L’IA pourrait peu à peu remplacer, entre autres les fonctions suivantes :
- Information et réponse aux demandes de renseignement ;
- gestion des données et archivage ;
- les tâches administratives comme les prises de rendez-vous, le traitement de correspondances, l’envoi de circulaires et d’enveloppes…
Le risque d’automatisation touche donc plus particulièrement « les catégories des employés de bureau, de réception, de services comptables et d’approvisionnement ». Au sein de ces catégories de métiers, les métiers des « services du personnel », les « secrétaires » et les employés des « services statistiques ou financiers » représentent les volumes les plus importants avec 420 000 emplois potentiellement menacés d’automatisation.
Hormis les employés de bureau, les bibliothécaires et documentalistes devraient faire partie des métiers les plus touchés dans le secteur public. Les professeurs et instituteurs font aussi partie du lot, mais pas de la même façon. Leur métier serait « augmenté », c’est-à-dire qu’ils gagneraient en productivité. Un enseignant pourrait, par exemple, générer instantanément des dictées adaptées aux difficultés particulières de chacun de ses élèves.
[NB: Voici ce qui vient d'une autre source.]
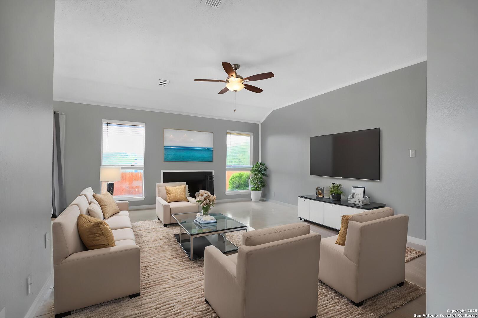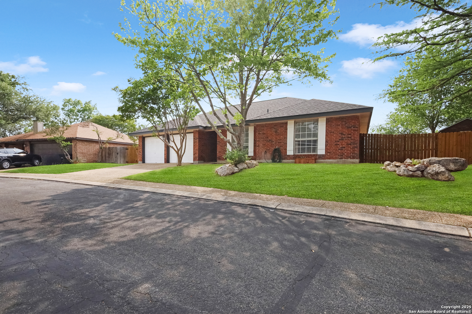 Welcome to this beautifully maintained single-story home offering the ideal blend of comfort and convenience, all within a spacious 1,297 square feet. Perfectly situated just 10 minutes from the airport and near major highways including 410, 1604, and I-35, this location makes commuting a breeze. Step inside to discover an open-concept layout that effortlessly connects the living room, dining area, and kitchen-creating a welcoming space ideal for both daily living and entertaining. Sunlight fills the home through large windows, enhancing the inviting atmosphere. A cozy fireplace serves as the centerpiece of the living area, perfect for relaxing or gathering with loved ones on cooler evenings. This home features three generously sized bedrooms, offering comfortable accommodations and privacy for everyone. The primary suite includes its own private bathroom, while a second well-appointed bath serves the additional bedrooms All Vista Management Group residents are enrolled in the Resident Benefits Package (RBP) for $65.00/month which includes liability insurance, credit building to help boost the resident's credit score with timely rent payments, up to $1M Identity Theft Protection, HVAC air filter delivery (for applicable properties), move-in concierge service making utility connection and home service setup a breeze during your move-in, our best-in-class resident rewards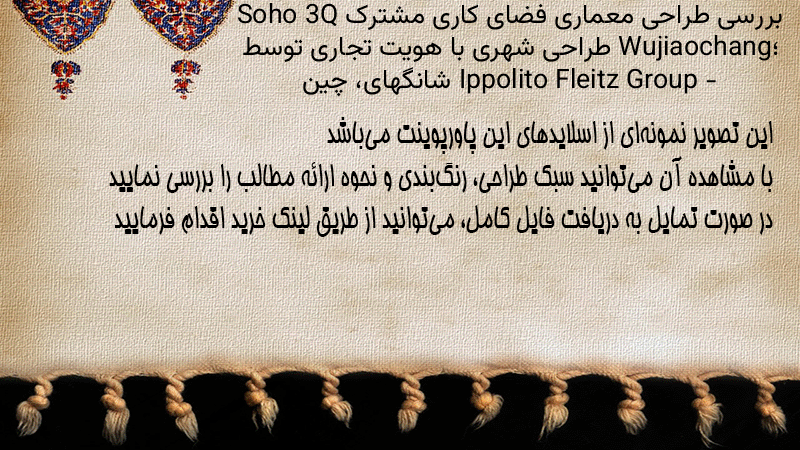 پاورپوینت کامل بررسی طراحی معماری فضای کاری مشترک Soho 3Q Wujiaochang؛ طراحی شهری با هویت تجاری توسط Ippolito Fleitz Group – شانگهای، چین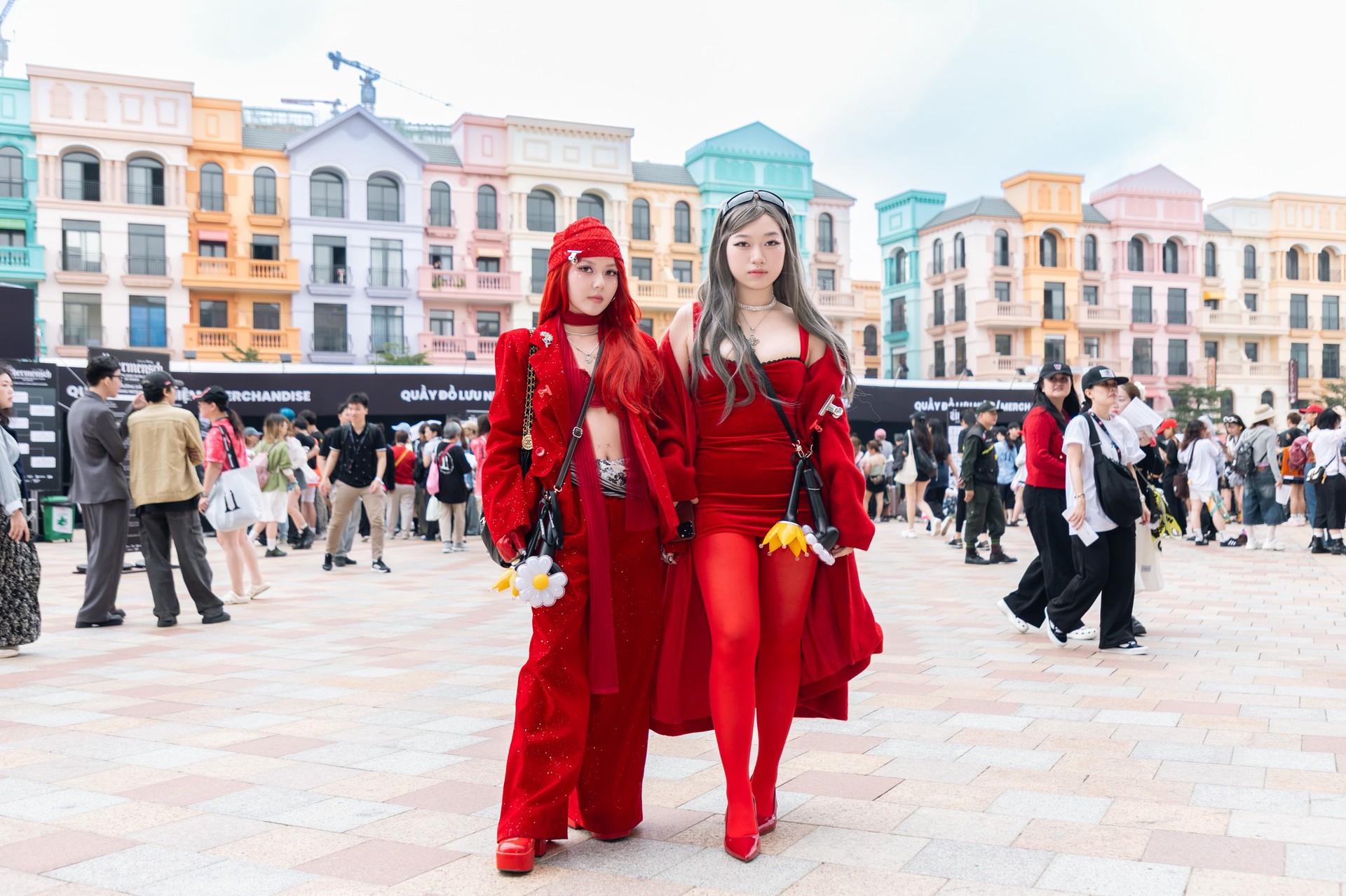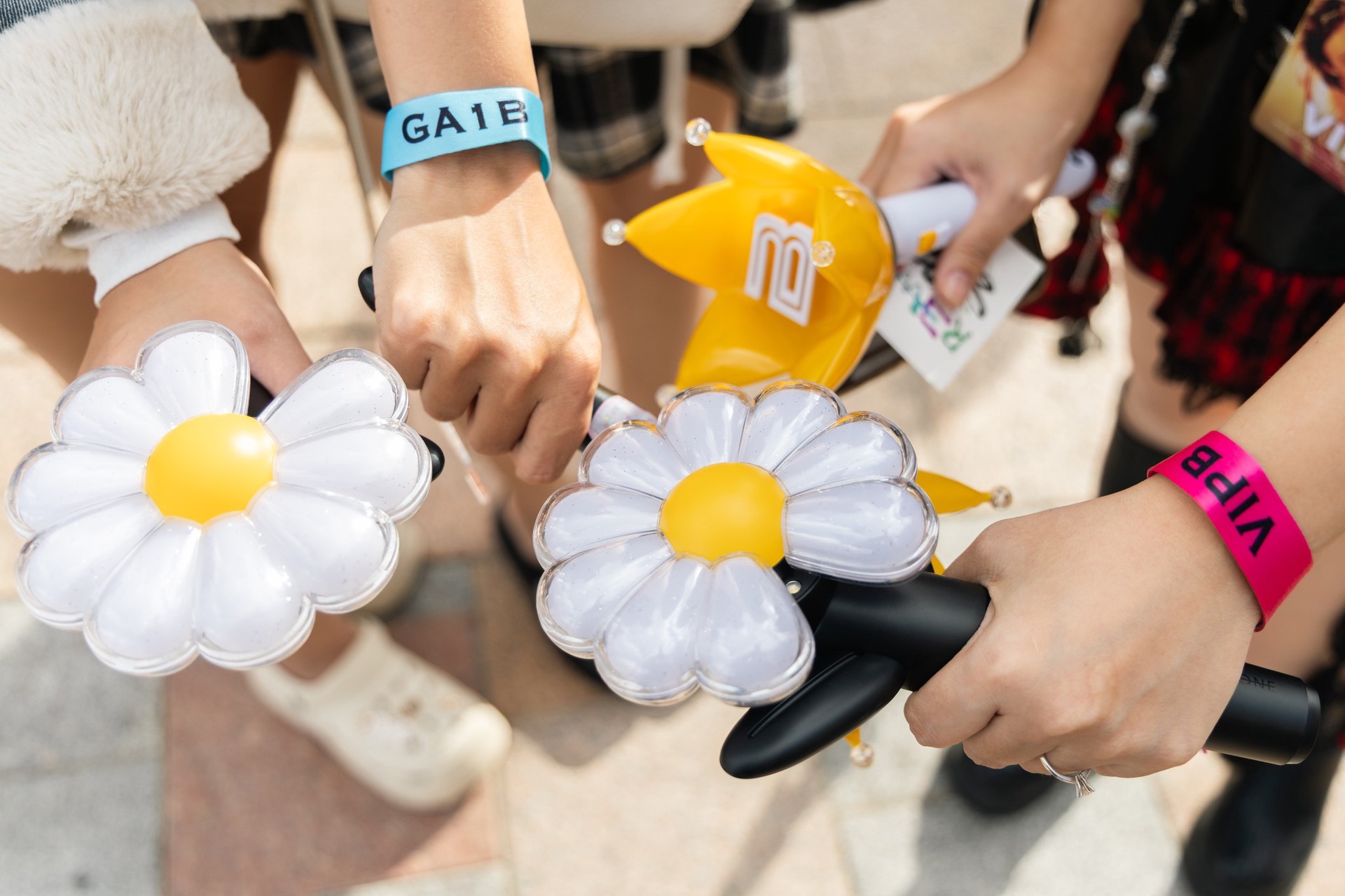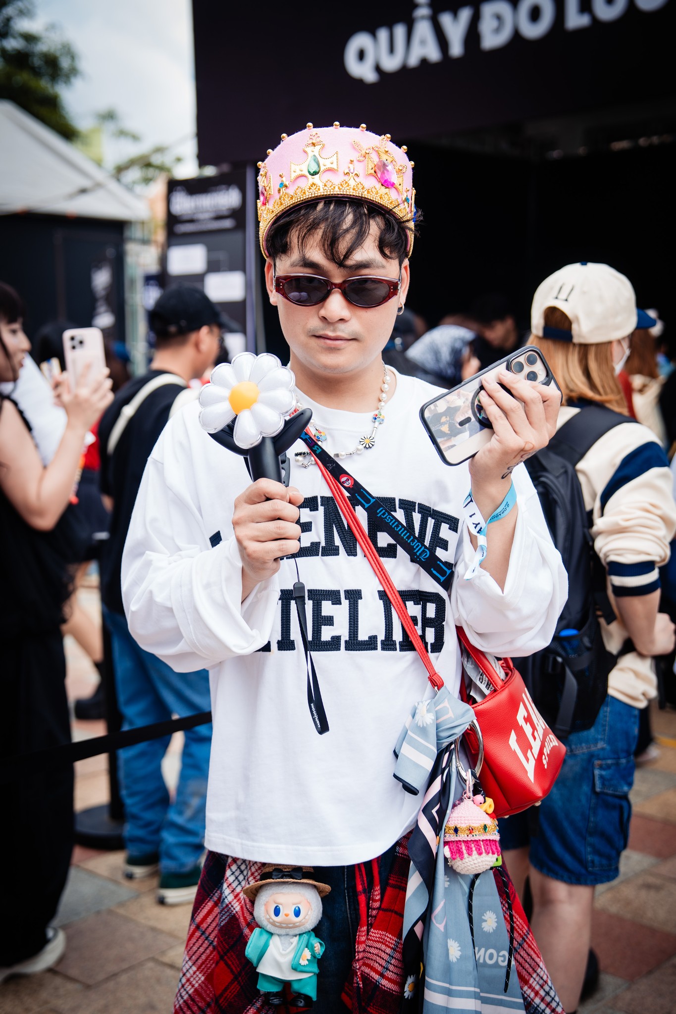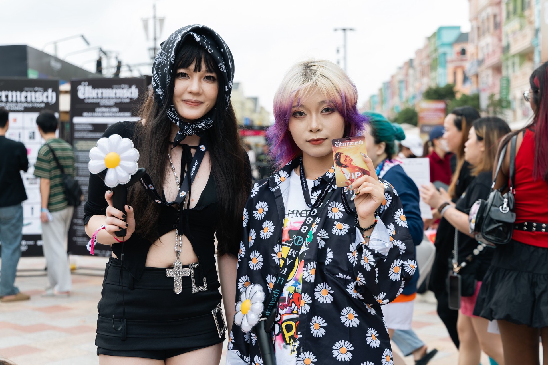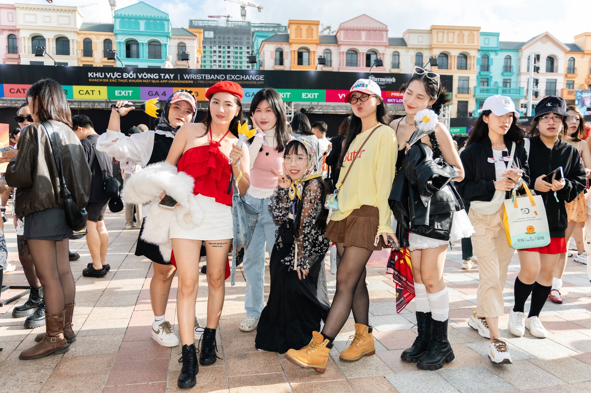 Ngay từ sáng sớm ngày 8 và 9 tháng 11, khu vực Ocean City đã náo nhiệt như một lễ hội thời trang đúng nghĩa. Từ sáng ngày diễn ra concert, các khu vực quanh sân khấu Ocean City đã trở thành địa bàn “lên đồ” của cộng đồng fan: mini skirt metallic, giày boots cao cổ, áo khoác varsity, khăn bandana, túi đeo chéo bản to, layering streetwear đa màu sắc. Điều đặc biệt chính là bông hoa cúc thiếu cánh ở khắp nơi: trên lưng áo khoác da, trên khăn quàng, trên áo mưa trên sticker dán đầy tay, những chiếc móc khóa, hay chỉ đơn giản là chiếc lightstick được cầm trên tay mỗi người.

Pourquoi le public plus que le privé ?
Cet impact plus marqué de l’IA sur les emplois dans le secteur public s’explique par la nature « tertiaire » des tâches réalisées. « Le secteur public pourrait être appelé à se tourner vers l’IA générative afin d’améliorer son efficacité opérationnelle, libérant ainsi des ressources pour se concentrer sur des tâches plus complexes, en proximité avec l’usager et nécessitant une expertise humaine. »
Le rapport livre des recommandations aux DRH en vue de cette véritable révolution qui arrive. A la fois pour le public et le privé. Avec des défis majeurs à relever.
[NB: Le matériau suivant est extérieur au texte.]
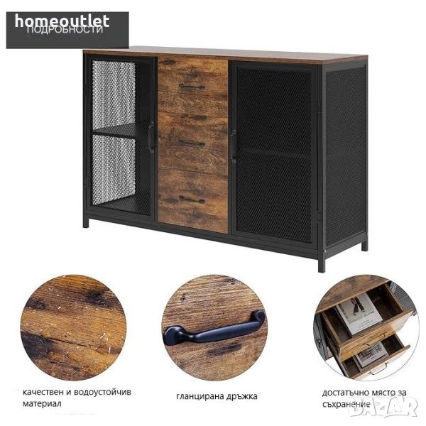 Универсалният бюфет е изработен от висококачествено дървено ПДЧ и черна лакирана метална рамка, много стабилна, което увеличава товароносимостта му. Благодарение на гладката си повърхност, той изисква минимални усилия за почистване. Бюфетът има 3 чекмеджета и 2 решетъчни шкафа и предлага достатъчно място за вашите книги, кухненски прибори и др. у дома или в офиса.
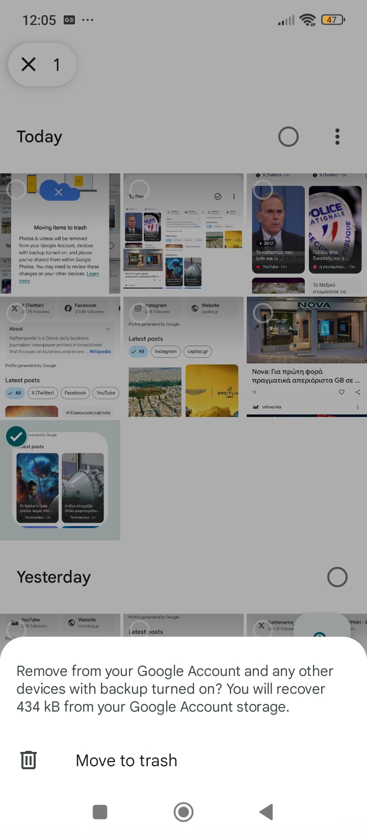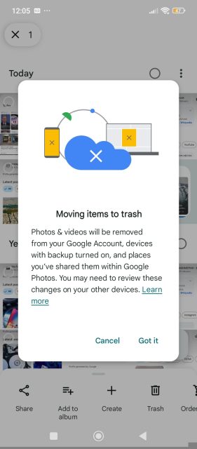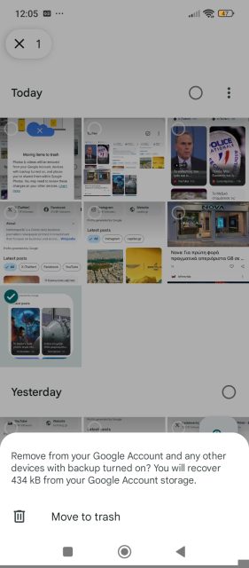Σημαίνει ότι το Google Photos προσπαθεί να παίξει έξυπνα με τη συσκευή σου και να σε γλιτώσει από χρόνο και χώρο αποθήκευσης. Όταν εσύ δίνεις εντολή να διαγράψει ένα αντίγραφο φωτογραφιών, ή μια φωτογραφία, τότε αυτό πηγαίνει και διαγράφει όλα τα αντίγραφα που υπάρχουν στη συσκευή. Βέβαια, αξίζει να γίνει σημαντική υπενθύμιση εδώ, όπως δείχνω και στα screenshots που ακολουθούν, ότι η Google σε προειδοποιεί ότι θα διαγραφούν οι φωτογραφίες και από τον Google λογαριασμό, αλλά και από όλες τις συσκευές που έχει ενεργοποιηθεί το backup.
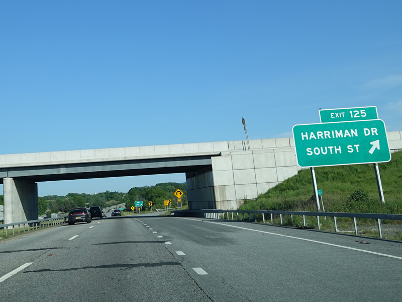 Exit 125 is for Harriman Drive and South Street. Exit here for NY 17M east, which splits off from the Quickway at this point. NY 17/US 6 continues straight ahead.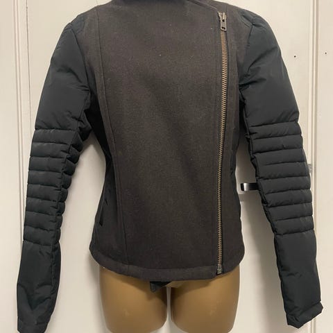 Pent og lite brukt jakke fra The Kooples. Kul rocket biker modell med hette gjemt bak glidelås i nakken.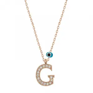 925 Ayar Gümüş Nazar Rose G Harfi Kadın Gümüş Kolye (T6875) (336336)

Tout d’abord comprendre et quantifier « la nouvelle dynamique ». Dans un premier temps, les organisations publiques et privées, et en particulier les départements des ressources humaines, devront s’attacher à « préciser les conséquences de l’adoption de l’IA générative, tant en termes qualitatifs que quantitatifs ». Cela signifie identifier les métiers concernés, analyser les changements organisationnels nécessaires à mettre en place et définir une feuille de route précise comprenant des scénarios de court et moyen termes.
Ensuite, il faudra accompagner l’automatisation et la « réallocation des ressources humaines ». Les effets de l’automatisation d’une partie des emplois seront « importants » d’après cette étude et les organisations touchées par ces changements devront « déployer des stratégies de transition tenant compte des enjeux de toutes les parties prenantes ».
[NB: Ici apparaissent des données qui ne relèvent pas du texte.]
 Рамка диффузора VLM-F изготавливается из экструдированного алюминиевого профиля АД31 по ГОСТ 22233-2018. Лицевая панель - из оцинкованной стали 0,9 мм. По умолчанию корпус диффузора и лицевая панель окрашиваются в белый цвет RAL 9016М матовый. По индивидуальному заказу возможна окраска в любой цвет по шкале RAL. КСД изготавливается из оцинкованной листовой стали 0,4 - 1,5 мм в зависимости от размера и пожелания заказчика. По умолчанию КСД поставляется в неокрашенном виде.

De nouvelles politiques de recrutement devront être mises en place afin d’adapter le profil des personnes recherchées aux nouveaux métiers reconfigurés, voire créés par l’IA générative (Gestion prévisionnelle des emplois et des compétences).
Former et prendre garde
Il faudra aussi optimiser le potentiel offert par l’IA, susceptible « d’augmenter » de nombreux métiers, en mettant en place des programmes d’adaptation des métiers existants et de formation des employés. L’étude suggère de définir le périmètre des métiers touchés et « s’assurer que l’IA générative ne finisse pas par remplacer totalement les métiers pour lesquels la composante relationnelle demeure essentielle, notamment dans les départements des ressources humaines. »
Il faut se méfier, par exemple, de certains logiciels de recrutement pouvant comporter des « biais » entraînant des discriminations à l’encontre de certaines catégories de population, notamment les femmes.
L’étude suggère, pour le futur proche de former les employés à l’utilisation « optimale et raisonnée » de l’IA générative, en tenant compte des contraintes d’utilisation imposées par le cadre juridique à venir ; veiller à ce que l’IA soit utilisée à des fins « utiles et raisonnables ».